Habe gerade mal ein bisschen Zeit, um noch etwas sachlichere Kritik an diesem Zeit-Artikel nachzuliefern.
Eine zentrale Problematik, über die der Autor jedoch hinweg holpert, ohne sie anscheinend wahrgenommen zu haben, ist die Frage: Was gilt als Brief- bzw. Paketpost im Sinne des Weltpostvertrages und was nicht? Ich bin weder tief vertraut mit dem Weltpostvertrag, noch Jurist. Aber allgemeine Leseart ist, dass die Tür-zu-Tür Express-Produkte, wie sie von sogenannten Integrators angeboten werden, nicht als Brief- bzw. Paketpost im Sinne des Weltpostvertrages gelten. Eben solche Produkte bilden heute auch die Top-Produkte (bezüglich Geschwindigkeit) der staatlichen Postbetriebe, wie jene der im Artikel erwähnten Post-Tochter DHL Express.
Über einen Zoll, der die in ein Land ein- und aus ihm ausführenden Warenströme überwacht und an ihnen die jeweiligen nationalen Gesetze anwendet, verfügt wohl jeder Staat unseres Planeten. Das ist nichts Neues, sondern mindestens seit dem Mittelalter so. Dass zu diesem Zweck ein Warenführer dem Zoll die mitgeführte Ware zu deklarieren hat und dass diese Deklaration Dinge wie die Art der Ware, Absender und Empfänger enthält, ist wohl auch in jedem Staat so. Seit eh und je. Beim "hochrangingen Datenschützer", der im Artikel mit der Aussage zeitiert wird, "dem amerikanischen Zoll kann doch nichts Besseres passieren, als dass er erfährt, wer an wen eine interessante Sendung schickt, die es vielleicht lohnt zu öffnen, zum Beispiel weil Konstruktionszeichnungen darin sind", kann ich mich wirklich nur noch fragen, auf welchem Planeten der lebt und wie er zum "hochrangingen Datenschützer" hat werden können. Genau diese Informationen hat jeder Zoll schon seit immer erhalten.

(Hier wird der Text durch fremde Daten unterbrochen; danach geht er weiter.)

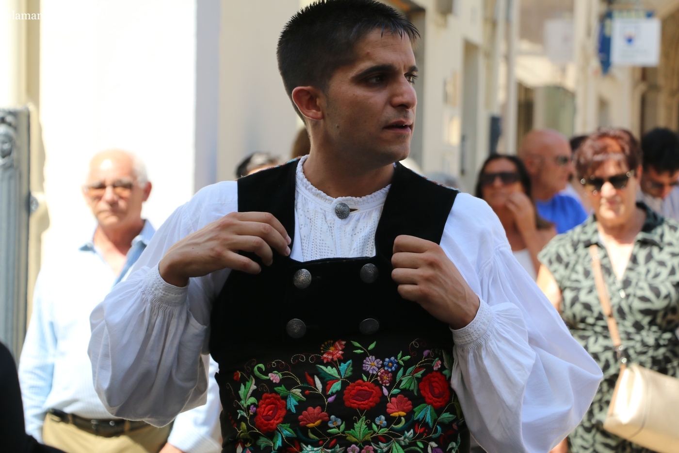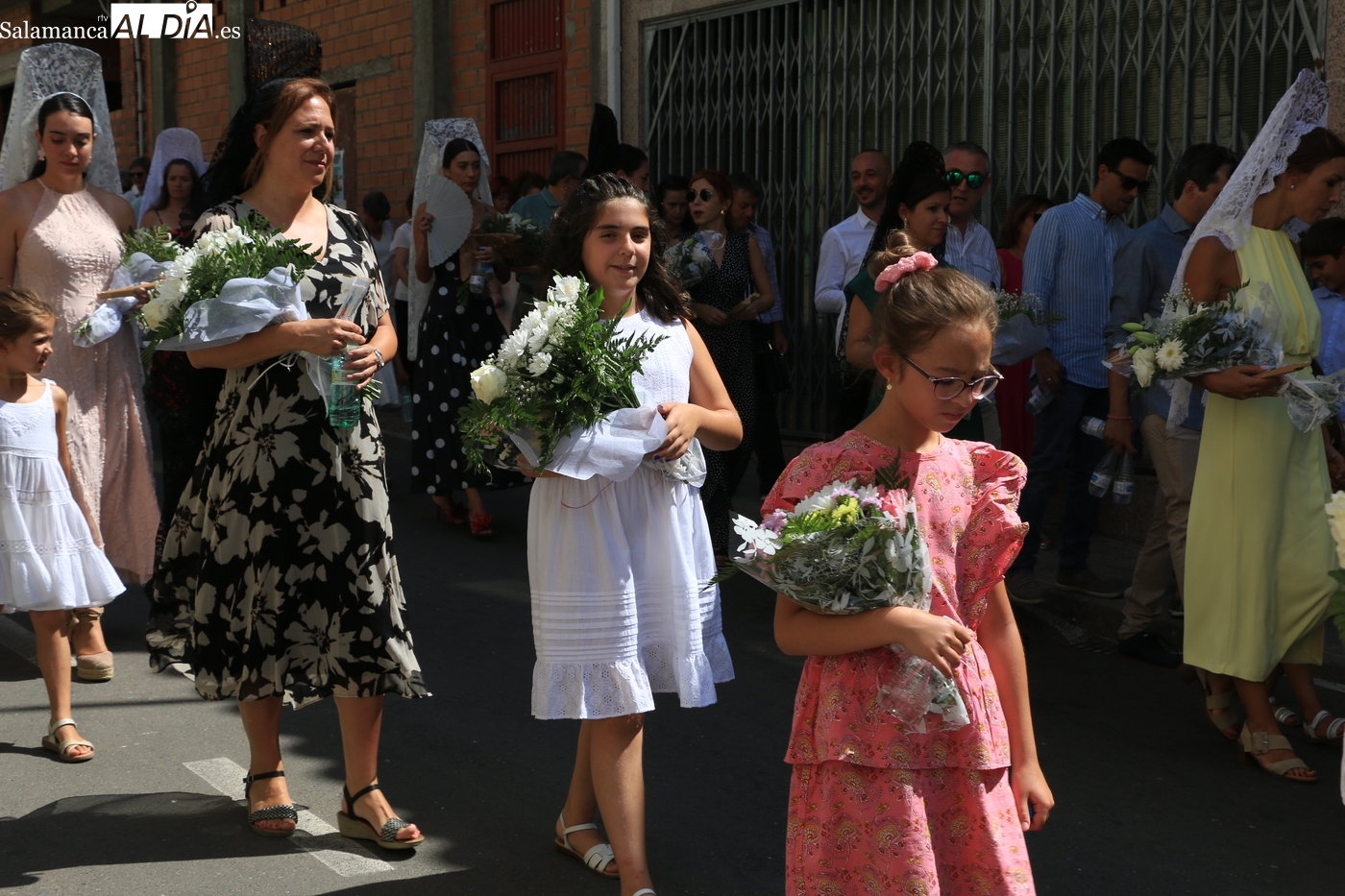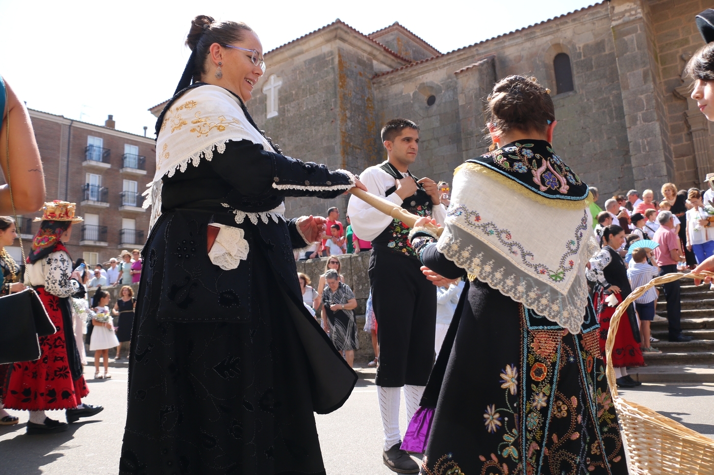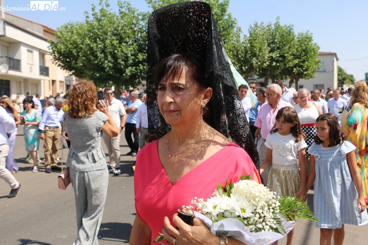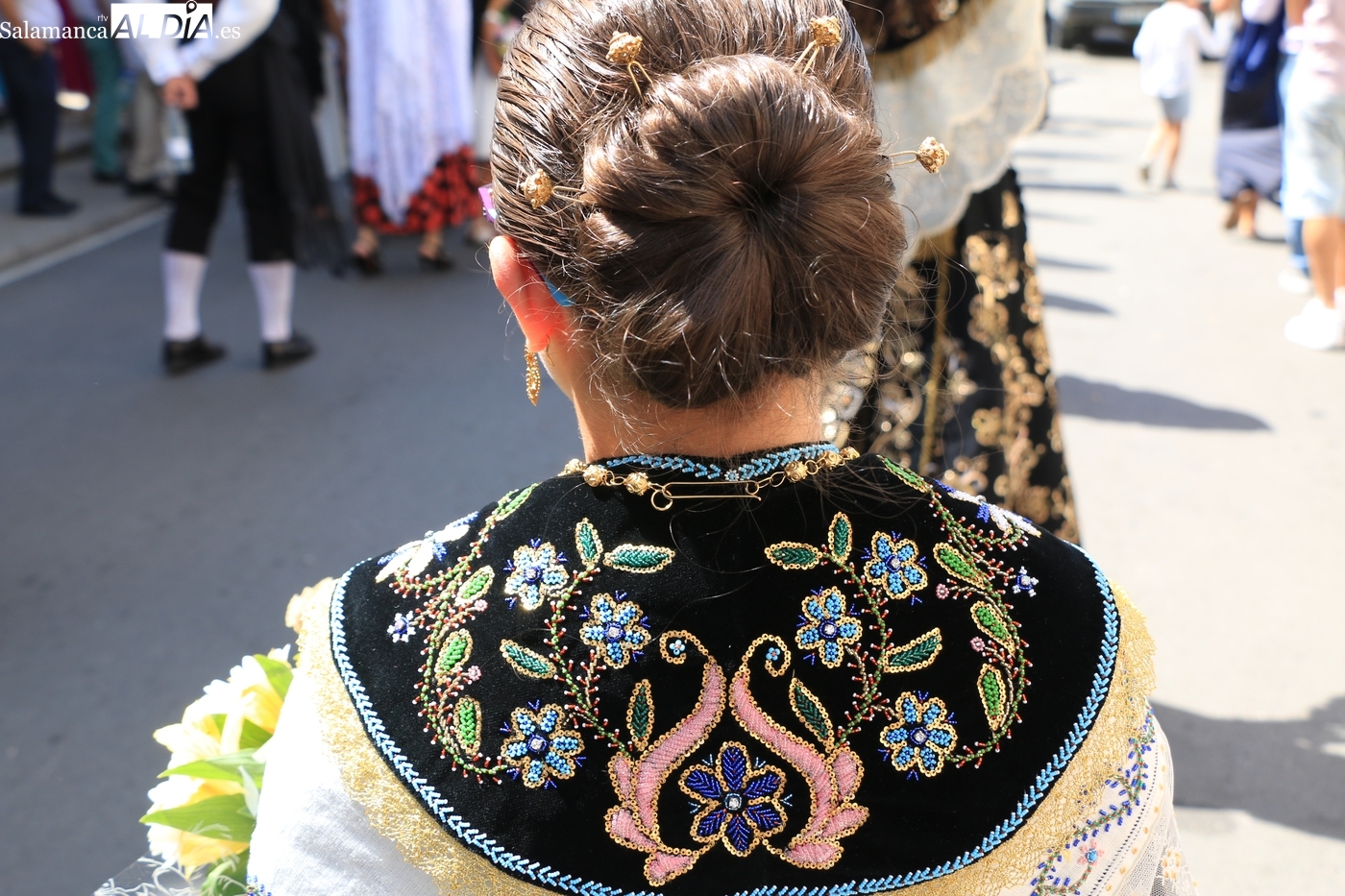 Tras la misa concelebrada y oficiada por el párrolco local Francisco Fraile, con presencia de autoridades locales, entre los que se encontraba el alcalde Javier Muñiz, acompañado del teniente de alcalde Chago Vicente con la concejala Isabel Cañizal, las campanas de la iglesia anunciaban la salida de la Virgen del Socorro a hombros de sus fieles y escoltada por sus mayordomas. Entre tanto, los sones de la gaita y el tamboril del joven tamborilero de Vitigudino, de 10 años de edad, Mateo Vicente, comenzaban a escucharse para recibir en la calle a Nuestra Señora, donde la aguardaban los integrantes del grupo de folclore Organza para ofrecerle una danza de paleo.

Was mit den eingangs erwähnten Integrators geändert hat und worum es auch beim jetzigen Widerstand von Österreich geht, ist lediglich der Zeitpunkt, wann ein Zoll diese Informationen erhält. Damit die Integrators die heute gebotenen Zustellzeiten hinkriegen, muss die Zollabfertigung möglichst nahtlos in die Abläufe der Integrators eingebunden werden. Die Zollabfertigung muss also beginnen und im Idealfall auch schon beendet sein, bevor eine Sendung physisch im Bestimmungsland eintrifft. Zu diesem Zweck werden die Sendungsdaten von den Integrators bereits im Versendungsland erhoben und ins Bestimmungsland übermittelt, so dass dort bereits die Zollanmeldungen erstellt werden können, wenn die Sendung noch irgendwo unterwegs ist. Das läuft so seit es Integrators gibt (und ist heute auch bei anderen Speditionen gang und gäbe) - also seit mindestens 2 Jahrzehnten. Eingeführt wurden diese Verfahren nicht auf Wunsch oder auf Druck Seitens der Behörden, sondern durch die Integrators im Interesse ihrer Kundschaft.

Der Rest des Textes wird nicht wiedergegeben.